Exercise requirements: An exact reproduction of the listing, minus the pictures, is the required output.

The data:
****************

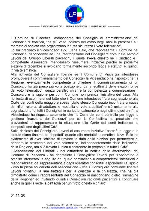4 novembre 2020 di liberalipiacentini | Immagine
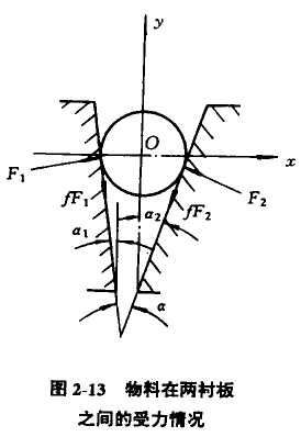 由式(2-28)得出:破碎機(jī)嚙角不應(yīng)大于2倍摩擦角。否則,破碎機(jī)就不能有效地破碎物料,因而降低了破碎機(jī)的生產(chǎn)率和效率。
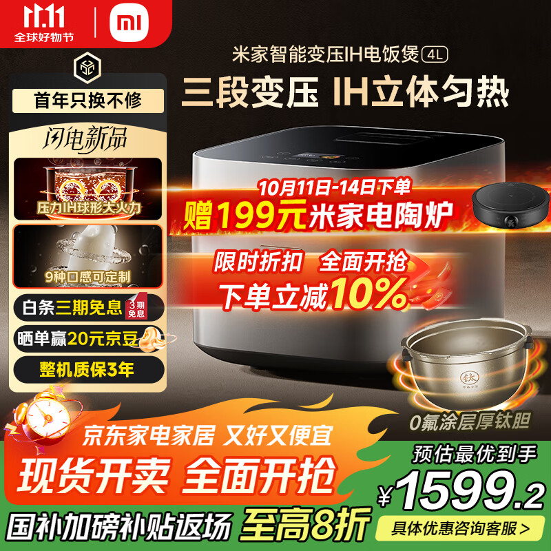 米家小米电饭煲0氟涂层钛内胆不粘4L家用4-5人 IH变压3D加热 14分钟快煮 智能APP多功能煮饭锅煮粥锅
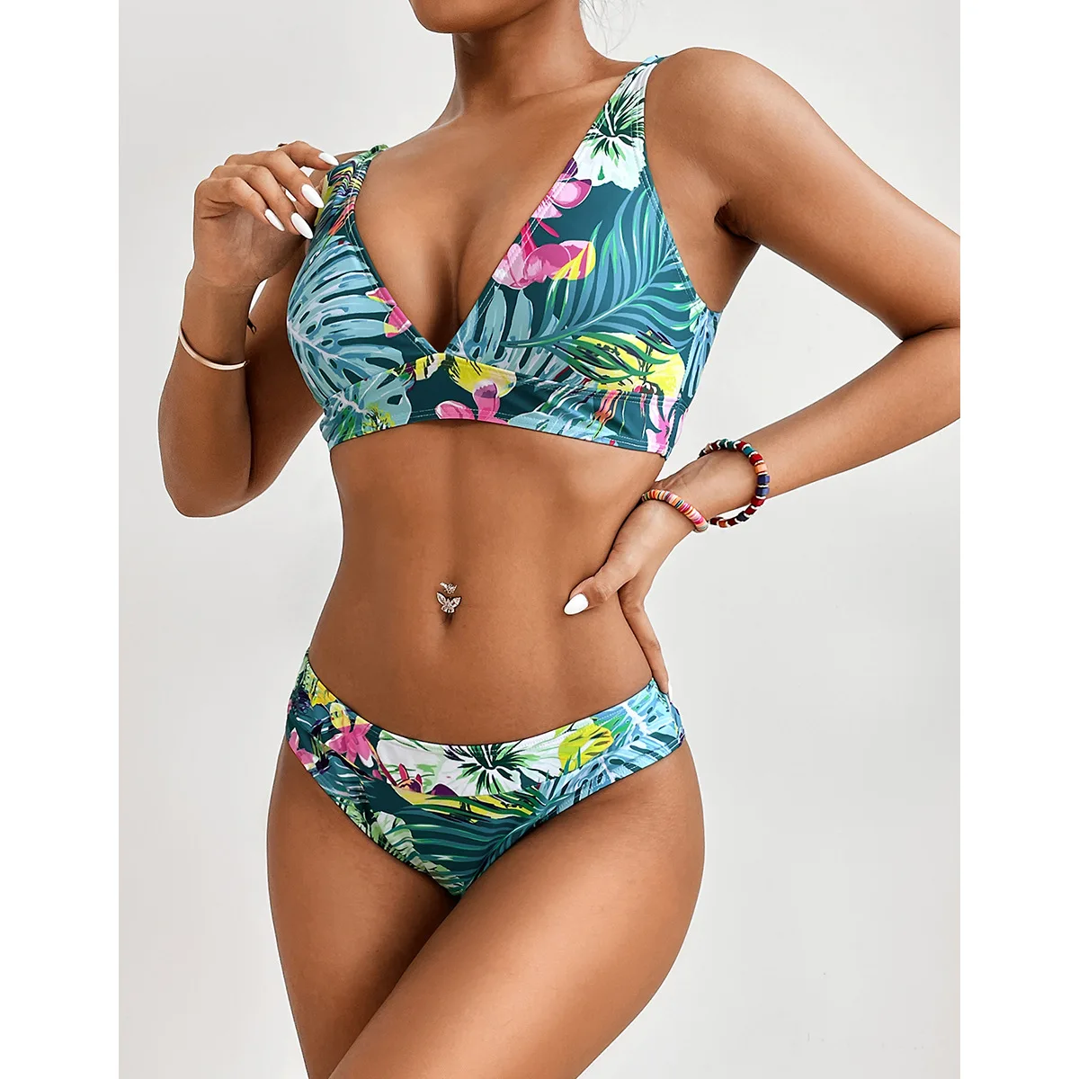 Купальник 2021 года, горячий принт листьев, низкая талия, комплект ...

****************

Result:
4 novembre 2020 di liberalipiacentini | Immagine
 由式(2-28)得出:破碎機(jī)嚙角不應(yīng)大于2倍摩擦角。否則,破碎機(jī)就不能有效地破碎物料,因而降低了破碎機(jī)的生產(chǎn)率和效率。
 米家小米电饭煲0氟涂层钛内胆不粘4L家用4-5人 IH变压3D加热 14分钟快煮 智能APP多功能煮饭锅煮粥锅
 Купальник 2021 года, горячий принт листьев, низкая талия, комплект ...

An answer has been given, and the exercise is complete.